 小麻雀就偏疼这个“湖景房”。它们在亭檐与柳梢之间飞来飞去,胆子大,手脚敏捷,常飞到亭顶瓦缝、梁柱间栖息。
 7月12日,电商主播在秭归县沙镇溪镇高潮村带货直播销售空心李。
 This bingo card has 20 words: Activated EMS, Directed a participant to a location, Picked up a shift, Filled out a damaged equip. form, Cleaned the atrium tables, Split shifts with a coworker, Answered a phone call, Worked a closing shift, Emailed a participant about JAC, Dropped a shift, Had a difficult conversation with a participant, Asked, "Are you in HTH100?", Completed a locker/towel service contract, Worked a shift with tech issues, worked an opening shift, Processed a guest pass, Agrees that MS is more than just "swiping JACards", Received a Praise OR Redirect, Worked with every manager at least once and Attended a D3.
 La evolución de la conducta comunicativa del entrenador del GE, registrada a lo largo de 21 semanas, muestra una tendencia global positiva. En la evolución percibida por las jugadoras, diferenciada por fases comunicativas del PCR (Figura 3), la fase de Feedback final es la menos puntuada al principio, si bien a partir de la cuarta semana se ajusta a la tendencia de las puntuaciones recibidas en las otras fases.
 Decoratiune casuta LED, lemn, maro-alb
* * *
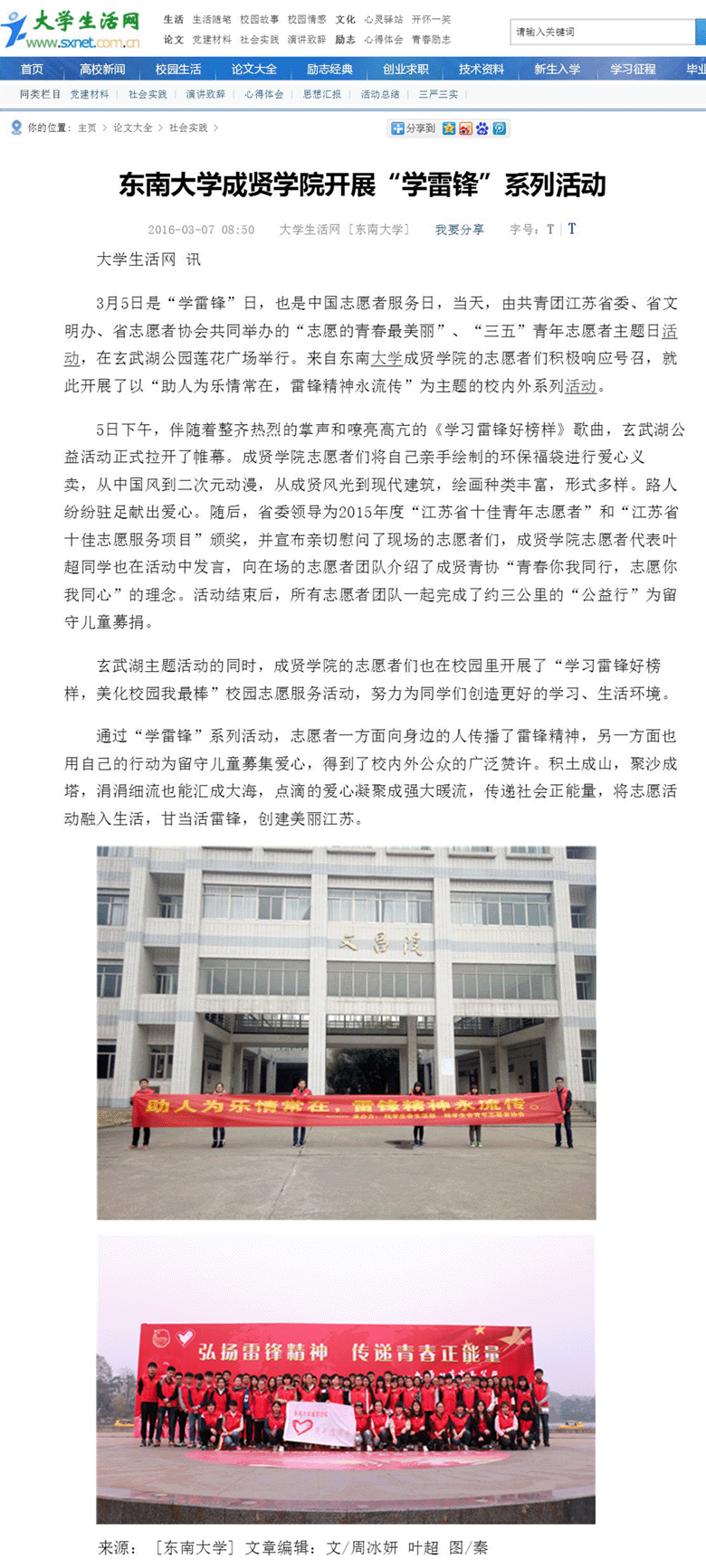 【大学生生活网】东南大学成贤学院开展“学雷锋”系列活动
* * *
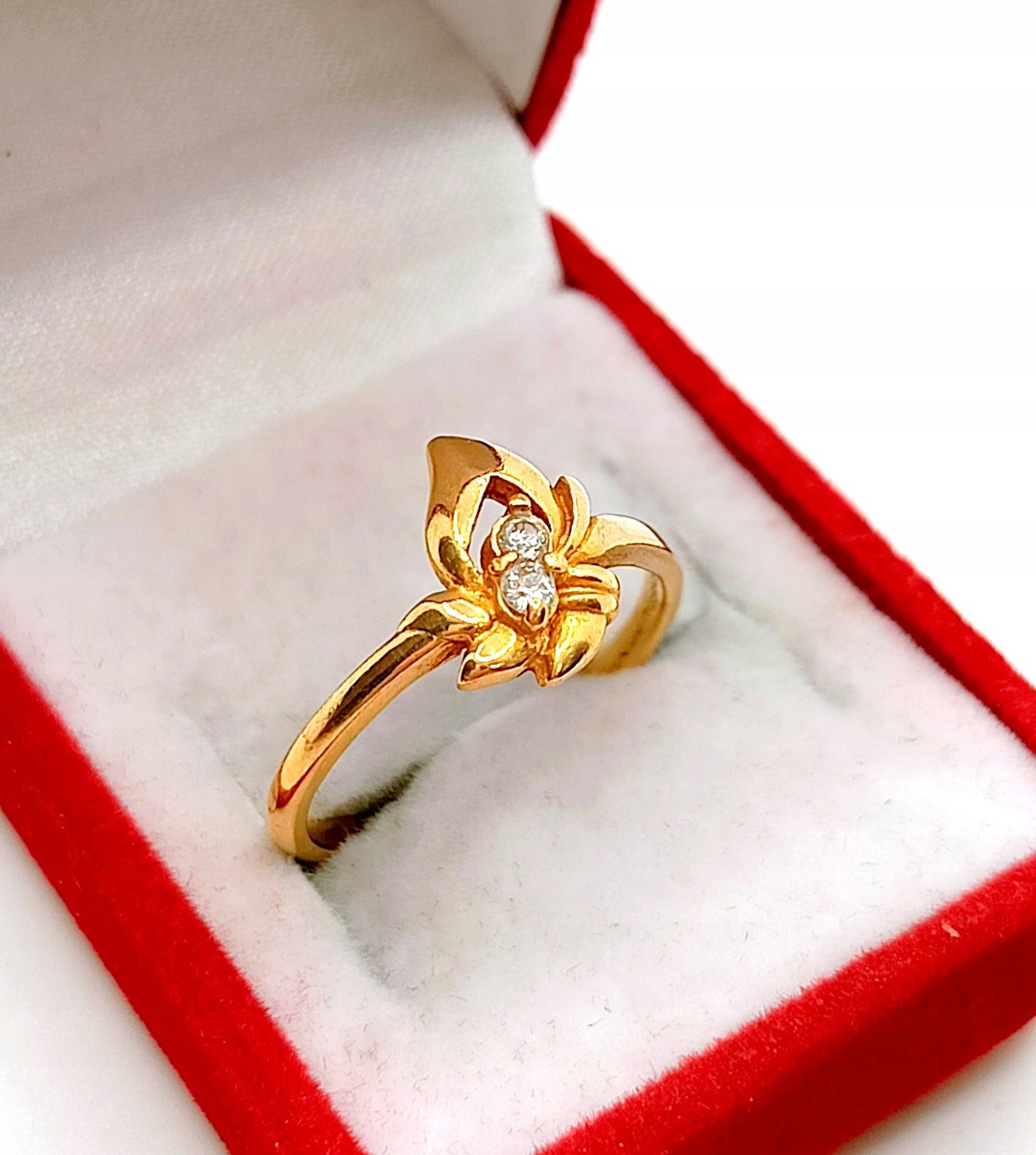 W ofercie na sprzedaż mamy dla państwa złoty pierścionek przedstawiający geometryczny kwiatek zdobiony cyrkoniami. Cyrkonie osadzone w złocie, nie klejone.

Exercise »
Would you retype exactly the lines above, from the line with "La evolución de" to the line with "Decoratiune casuta LED, lemn, maro-alb", with both end lines kept and nothing more?

Result of this task »
 La evolución de la conducta comunicativa del entrenador del GE, registrada a lo largo de 21 semanas, muestra una tendencia global positiva. En la evolución percibida por las jugadoras, diferenciada por fases comunicativas del PCR (Figura 3), la fase de Feedback final es la menos puntuada al principio, si bien a partir de la cuarta semana se ajusta a la tendencia de las puntuaciones recibidas en las otras fases.
 Decoratiune casuta LED, lemn, maro-alb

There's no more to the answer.